Каждый выдающийся учёный, как и полагается, в свои молодые годы сначала бывает студентом, постигающим секреты той профессии, которой он собирается себя посвятить. Как и все, он проходит свой ученический путь, навсегда запоминая взлёты и падения, радости и огорчения — словом, то, что сопутствует любой учёбе. Запоминает и педагогов, которые создавали студентам острые ситуации…
Такой случай произошёл и с Анатолием Николаевичем Ванеевым. В преддверии его солидного юбилея интересно узнать от него самого об учёбе в Московском библиотечном институте в первые послевоенные годы.
Итак…
В начале 1943 года, перед зимней экзаменационной сессией, со второго курса исторического факультета Кировского педагогического института я был призван в Советскую армию. В 1946 году я сдал вступительные экзамены в МГБИ и представил документ о сданных на первом курсе педагогического института экзаменах. Эти сведения были учтены и меня не обязали пересдавать экзамены, сданные в педагогическом институте, однако в выданной мне зачётной книжке вместо оценок, полученных в педагогическом институте (а у меня все оценки были «отлично»), стояла запись «зачтено». Эта запись была повторена и в выписке из зачётной ведомости, приложенной к диплому. В результате я, несмотря на отличные оценки, полученные в педагогическом институте и в МГБИ, был лишён права на получение диплома с отличием. Я учился на заочном отделении факультета библиографии в 1946–1951 годах. Очевидно, что за давностью лет я не могу сегодня вспомнить многое, например, содержание лекций, которые читали нам в МГБИ. В памяти остались лишь отдельные, отрывочные воспоминания о наиболее ярких событиях. Большинство из них связано с экзаменами. О некоторых из них я и хочу рассказать в этих заметках.

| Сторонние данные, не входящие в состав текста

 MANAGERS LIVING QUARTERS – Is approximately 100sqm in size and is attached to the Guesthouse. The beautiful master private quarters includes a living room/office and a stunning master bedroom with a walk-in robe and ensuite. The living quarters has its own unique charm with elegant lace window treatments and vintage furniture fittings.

В те годы экзамены по специальным дисциплинам в обязательном порядке (во всяком случае, на заочном отделении) включали две части: теоретическую и практическую. Практическая часть, имеющая целью выявить уровень практических умений и навыков студента, предшествовала экзамену по теоретической части курса, и только после успешного выполнения практического задания студент допускался к теоретическому экзамену.
С этой — весьма рациональной, по моему мнению, — методикой приёма экзаменов я столкнулся на первом же экзамене по специальной дисциплине — по курсу «Описание произведений печати». Я работал библиографом в Кировской областной библиотеке и поэтому был самонадеянно уверен, что знаю правила библиографического описания. Однако в выполненных мною описаниях преподаватель Диковская обнаружила ряд ошибок. Она допустила меня к сдаче второй, теоретической части экзамена, и я получил общую оценку — «хорошо».

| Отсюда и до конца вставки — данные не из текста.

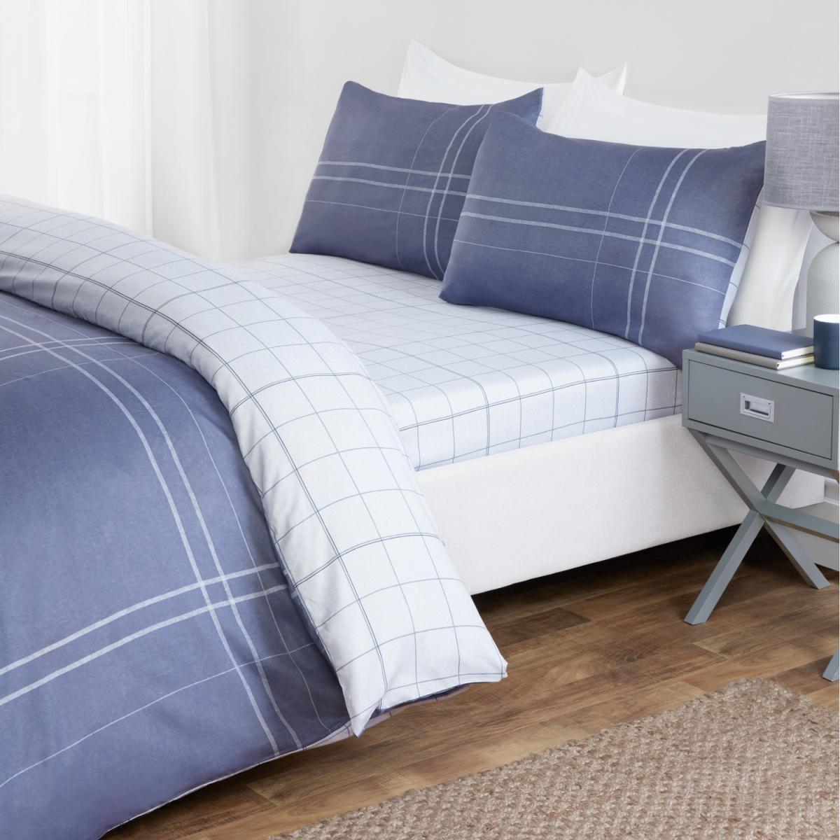Hudson Microfibre Polyester Check Complete Duvet Set With Pillowcase - Multi / Single

Экзамен по курсу «Библиотечные каталоги. Классификация» наша группа сдавала З. Н. Амбарцумяну. Ассистировала ему молодая и красивая дама — дочь Е. И. Шамурина. Студент получал от неё стопку книг и должен был классифицировать их по таблицам Л. Н. Троповского. После проверки выполненной практической работы, если она была сделана без ошибок или с их минимальным количеством, студент получал экзаменационный билет и сдавал экзамен З. Н. Амбарцумяну.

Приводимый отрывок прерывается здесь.